A medida que se van conociendo más detalles sobre la presunta trama de corrupción que envolvía al superministro de Hacienda Cristóbal Montoro, cala una sensación de hastío. Este asunto ya asomó las orejas años atrás, pero entonces se cubrió de legalidad el olor a podrido. En un país consciente de que la corrupción es su gran herida abierta, una de las suertes de nuestra febril rivalidad política es que unos escarban para encontrar los puntos débiles de los otros y viceversa. Pero el caso Montoro quizá necesite, para los más jóvenes, un poco de contexto. La primera de las rarezas es lo poco habitual, casi inédito, de que un ministro perviva en dos diferentes mandatos de su partido con más de siete años de distancia. Ser ministro con Aznar y años después con Rajoy no estuvo al alcance de muchos. Ese mérito conllevaba un peligro. A nadie se le escapa que la derrota electoral del PP en 2004 fue un sapo que les costó muchos años tragar. Venían de una formidable mayoría absoluta lograda por Aznar en su segunda legislatura y la irrupción de Zapatero provocó una deriva, luego reproducida durante los años de Sánchez, consistente en negar la legitimidad del Gobierno de una forma tozuda.

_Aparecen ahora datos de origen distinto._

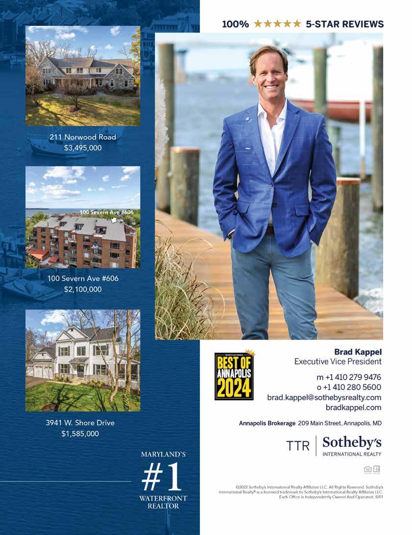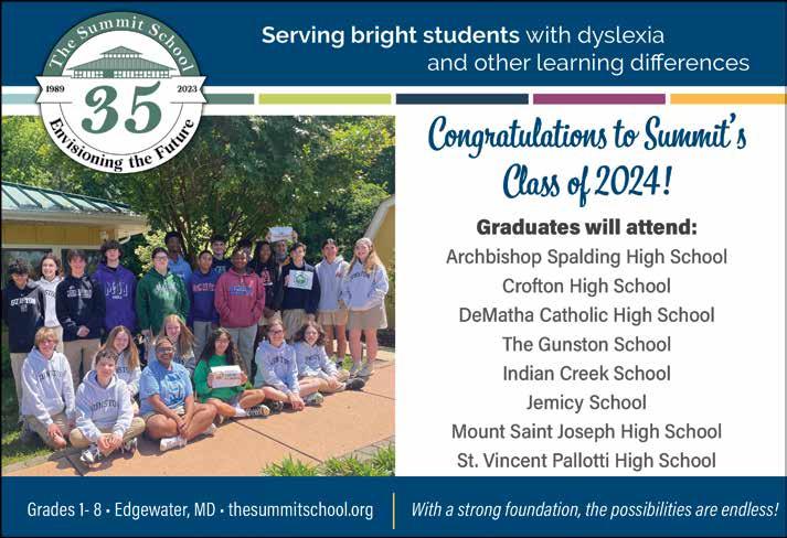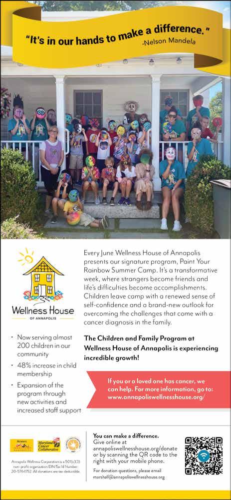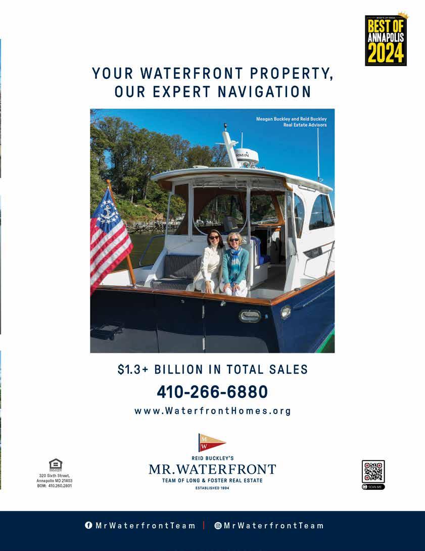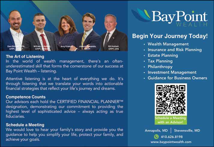 What’s Up? Annapolis is published by What’s Up? Media 201 Defense Highway, Suite 203, Annapolis, MD 21401, 410-266-6287. Fax: 410-224-4308. No part of this magazine may be reproduced in any form without express written consent of the publisher. Publisher disclaims any and all responsibility for omissions and errors. All rights reserved. Total printed circulation is 46,072 copies with an estimated readership of 164,550. ©2024 What’s Up? Media. Home Grown, Locally Owned: This issue of What’s Up? Annapolis employs more than 25 local residents.

Aquella salida de los despachos gubernamentales traumó a algunos miembros de la derecha española, convencidos de que la derrota había sido causada más por la reacción a los atentados islamistas y la posterior gestión de la información en vísperas electorales que por otras razones de peso. Se olvidaban del natural desgaste de una tarea de gobierno o del aluvión de causas judiciales que terminaron con varios ministros condenados, pero también de hitos de la torpeza gestora como fueron la solución del naufragio del Prestige frente a las costas gallegas o la identificación de los cadáveres de los militares fallecidos en el accidente del infame vuelo del Yak 42. En el regreso de Rajoy al poder, tras la crisis económica de 2007 que arrasó nuestra economía dependiente de la burbuja inmobiliaria, quedaban pocos ministros vinculados con la amarga derrota anterior. Pero Montoro fue uno de ellos y por eso se cegó en su persecución de los que consideraba responsables indirectos de aquella derrota. Uno de los sectores a los que puso en su punto de mira fue el de actores y artistas, pues su visibilidad en las protestas contra la participación española en la guerra de Irak había sido ciertamente significada.

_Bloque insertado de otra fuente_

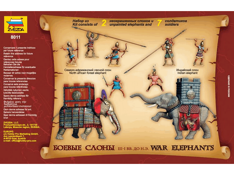 Набор исторических миниатюр Боевые слоны, 8011 Звезда, масштаб 1/72

Desde el Ministerio de Hacienda se cambiaron las normativas a mitad de partido y, como moscas, cayeron en inspecciones tributarias todos aquellos que habían cometido el error de confiar sin prudencia en sus asesores fiscales que les empujaban a fundar empresas para gestionar los beneficios profesionales. Muchos perdieron sus casas y sus ahorros en una cascada de sanciones mientras, incluso en sede parlamentaria, el superministro Montoro hablaba con un desprecio morrocotudo de los que él llamó nuestros Depardieu, en un intento de identificar a cualquier artista español con el actor que había decidido abandonar Francia ante la presión fiscal establecida por el Gobierno. En realidad se trató de una forma de amedrentamiento para acallar a todo aquel que en el futuro se le ocurriera participar en las disputas públicas con su opinión personal. Y el éxito fue rotundo. A día de hoy, ese silencio impuesto aún pesa. Con esa lección aprendida, no sorprende que ante la carnicería que se perpetra en Gaza nuestras calles estén tan calladas.